═════ Data for analysis

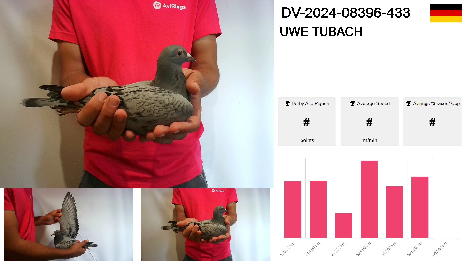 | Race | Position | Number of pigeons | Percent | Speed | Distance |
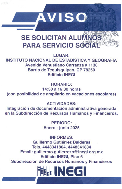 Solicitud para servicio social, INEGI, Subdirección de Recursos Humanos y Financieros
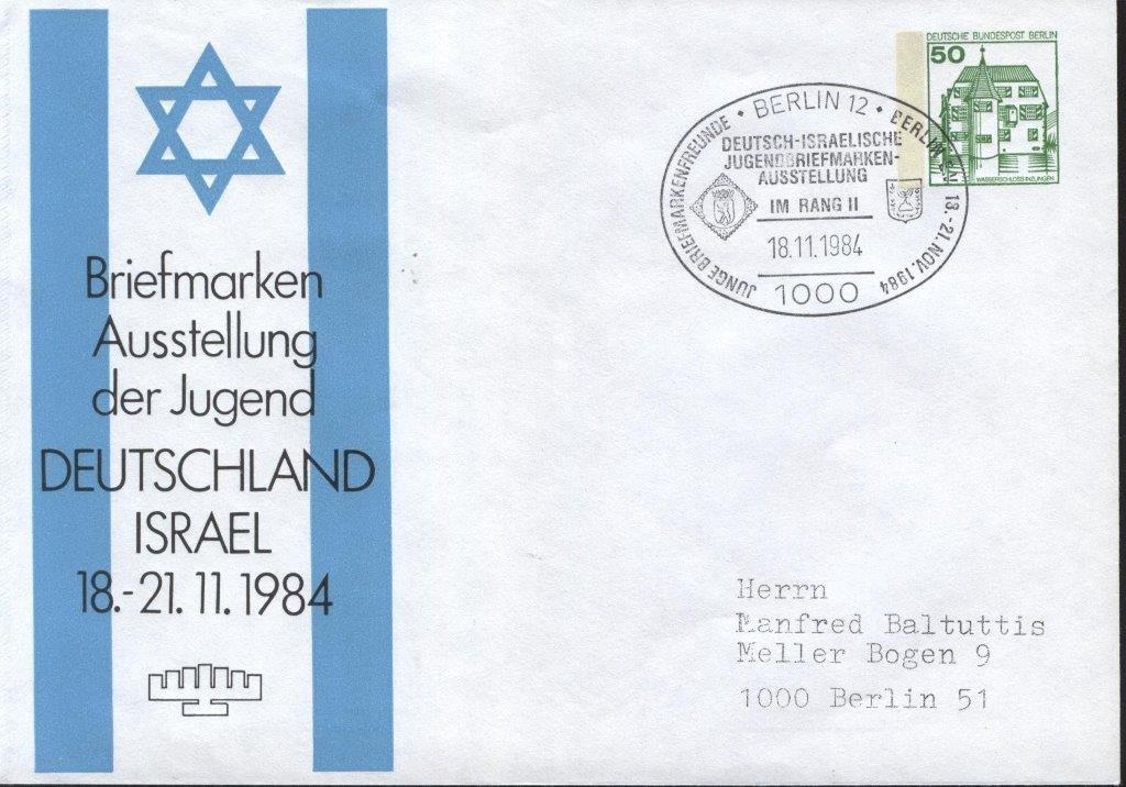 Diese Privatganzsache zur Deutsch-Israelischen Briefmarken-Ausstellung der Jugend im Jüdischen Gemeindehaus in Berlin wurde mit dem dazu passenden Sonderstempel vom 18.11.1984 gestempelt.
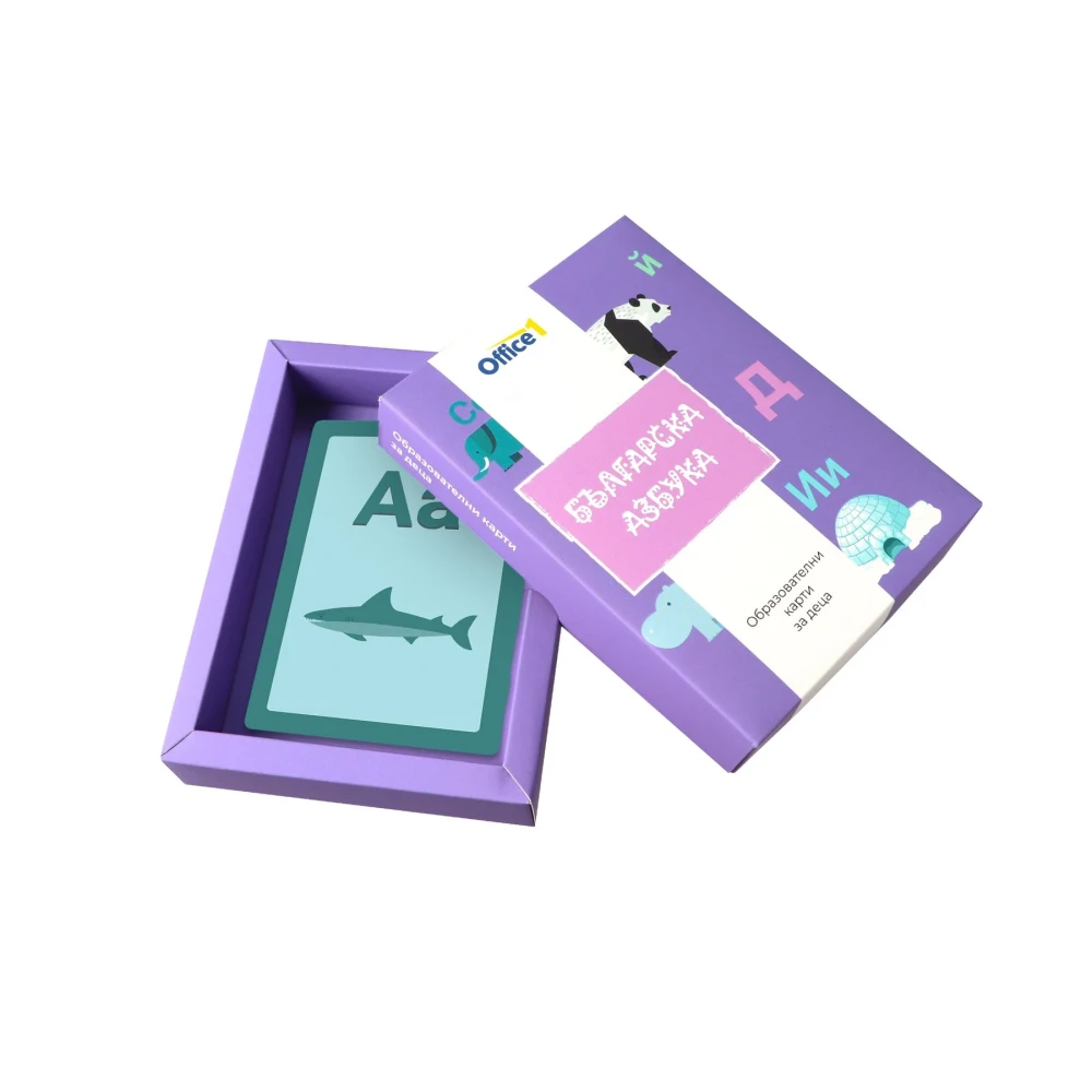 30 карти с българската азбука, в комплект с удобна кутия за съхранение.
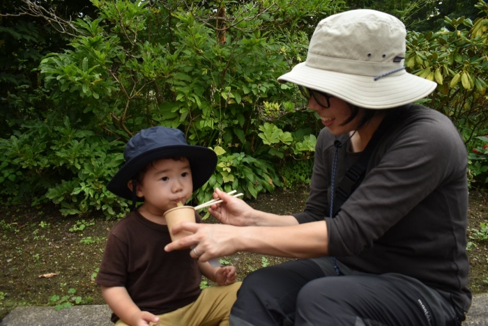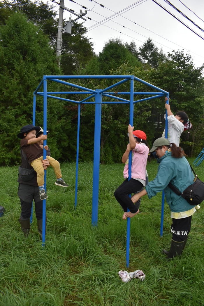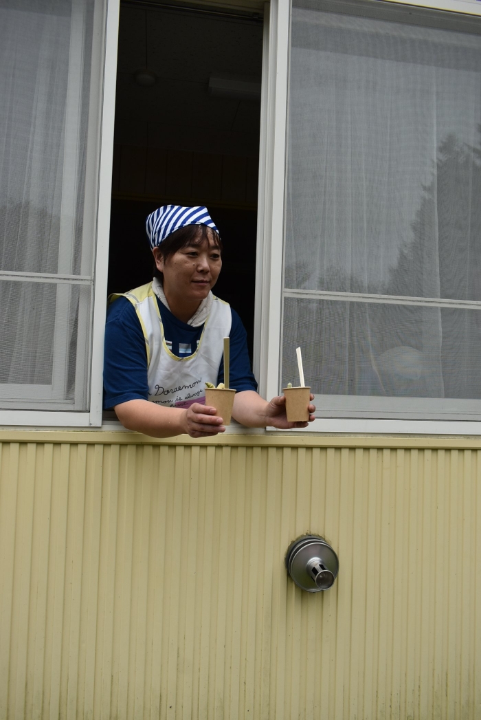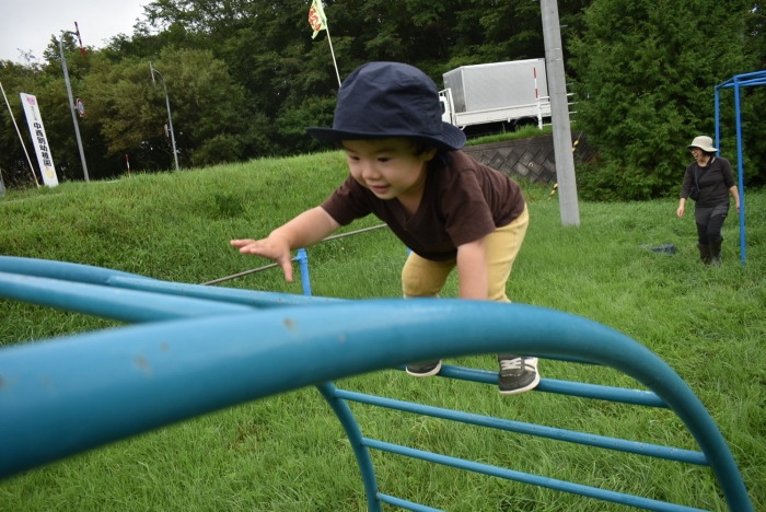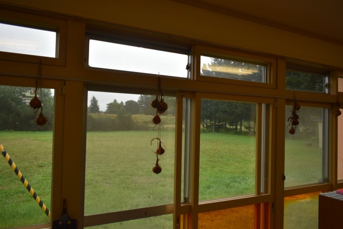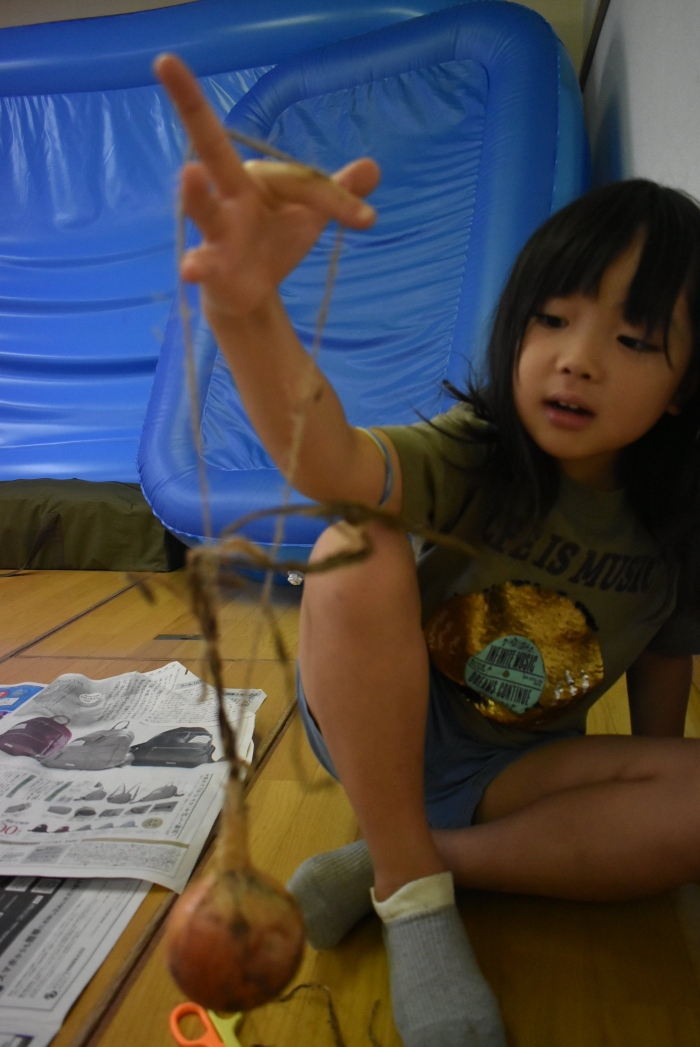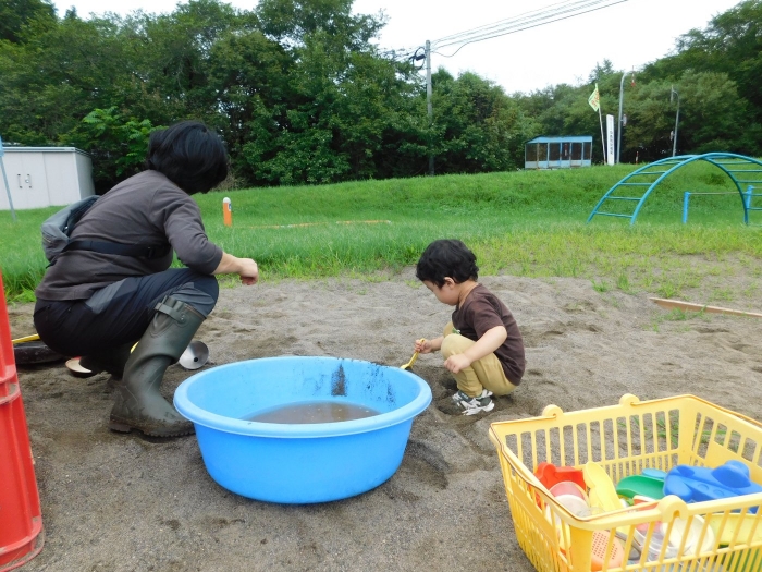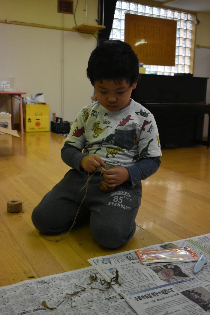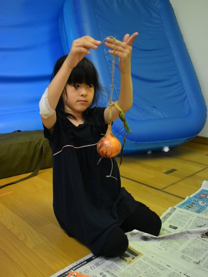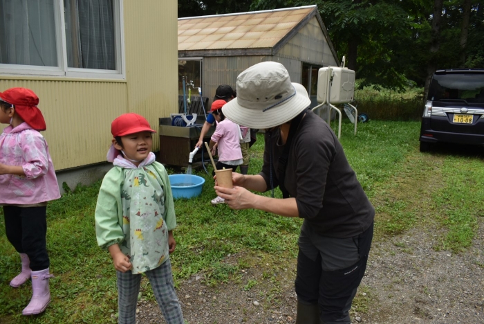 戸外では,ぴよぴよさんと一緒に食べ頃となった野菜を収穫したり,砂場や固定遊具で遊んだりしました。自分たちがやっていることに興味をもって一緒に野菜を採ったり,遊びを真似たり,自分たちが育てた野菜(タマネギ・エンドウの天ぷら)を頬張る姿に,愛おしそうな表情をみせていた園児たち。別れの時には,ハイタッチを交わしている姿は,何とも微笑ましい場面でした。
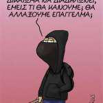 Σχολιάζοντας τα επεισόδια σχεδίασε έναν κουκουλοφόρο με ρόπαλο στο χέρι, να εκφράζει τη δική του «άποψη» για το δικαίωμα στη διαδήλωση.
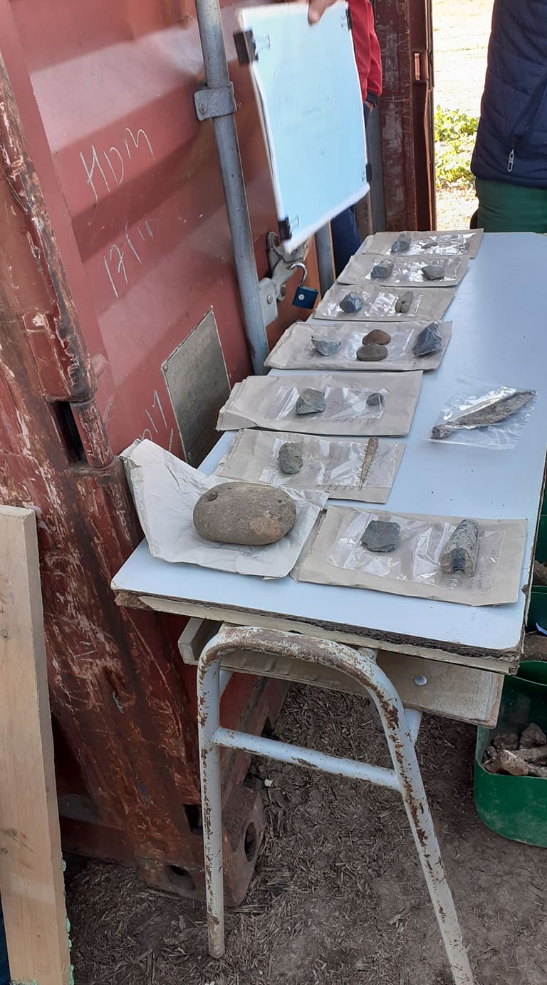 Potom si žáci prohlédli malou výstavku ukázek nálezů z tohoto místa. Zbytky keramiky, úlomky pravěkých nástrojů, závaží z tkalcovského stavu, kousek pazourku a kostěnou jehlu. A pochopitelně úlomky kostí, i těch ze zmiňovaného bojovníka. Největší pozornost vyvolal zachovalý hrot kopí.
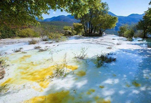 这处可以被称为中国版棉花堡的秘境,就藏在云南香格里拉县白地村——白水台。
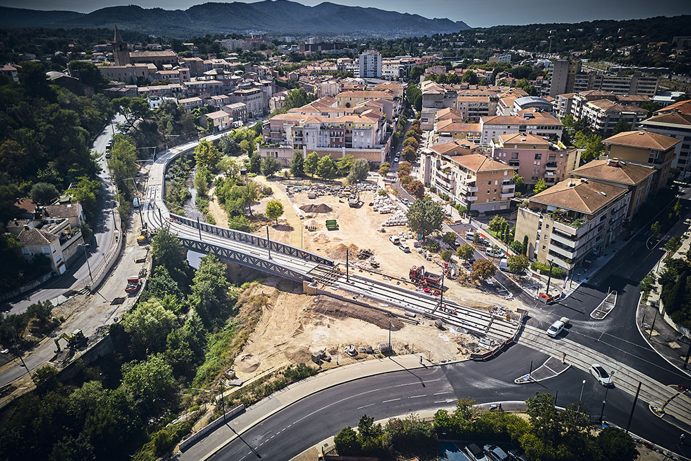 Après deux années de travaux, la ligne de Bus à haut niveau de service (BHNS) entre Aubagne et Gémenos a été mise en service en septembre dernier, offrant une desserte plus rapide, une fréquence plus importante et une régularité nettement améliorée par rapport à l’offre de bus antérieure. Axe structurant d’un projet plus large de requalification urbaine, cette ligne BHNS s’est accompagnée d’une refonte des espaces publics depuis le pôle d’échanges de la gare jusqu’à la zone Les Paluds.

══════════

# [Problem]
Leaving the pictures out, copy exactly the lines from the line that contains "Solicitud para servicio" to the last line of the data, both ends included.

# [Finished task]
 Solicitud para servicio social, INEGI, Subdirección de Recursos Humanos y Financieros
 Diese Privatganzsache zur Deutsch-Israelischen Briefmarken-Ausstellung der Jugend im Jüdischen Gemeindehaus in Berlin wurde mit dem dazu passenden Sonderstempel vom 18.11.1984 gestempelt.
 30 карти с българската азбука, в комплект с удобна кутия за съхранение.
 戸外では,ぴよぴよさんと一緒に食べ頃となった野菜を収穫したり,砂場や固定遊具で遊んだりしました。自分たちがやっていることに興味をもって一緒に野菜を採ったり,遊びを真似たり,自分たちが育てた野菜(タマネギ・エンドウの天ぷら)を頬張る姿に,愛おしそうな表情をみせていた園児たち。別れの時には,ハイタッチを交わしている姿は,何とも微笑ましい場面でした。
 Σχολιάζοντας τα επεισόδια σχεδίασε έναν κουκουλοφόρο με ρόπαλο στο χέρι, να εκφράζει τη δική του «άποψη» για το δικαίωμα στη διαδήλωση.
 Potom si žáci prohlédli malou výstavku ukázek nálezů z tohoto místa. Zbytky keramiky, úlomky pravěkých nástrojů, závaží z tkalcovského stavu, kousek pazourku a kostěnou jehlu. A pochopitelně úlomky kostí, i těch ze zmiňovaného bojovníka. Největší pozornost vyvolal zachovalý hrot kopí.
 这处可以被称为中国版棉花堡的秘境,就藏在云南香格里拉县白地村——白水台。
 Après deux années de travaux, la ligne de Bus à haut niveau de service (BHNS) entre Aubagne et Gémenos a été mise en service en septembre dernier, offrant une desserte plus rapide, une fréquence plus importante et une régularité nettement améliorée par rapport à l’offre de bus antérieure. Axe structurant d’un projet plus large de requalification urbaine, cette ligne BHNS s’est accompagnée d’une refonte des espaces publics depuis le pôle d’échanges de la gare jusqu’à la zone Les Paluds.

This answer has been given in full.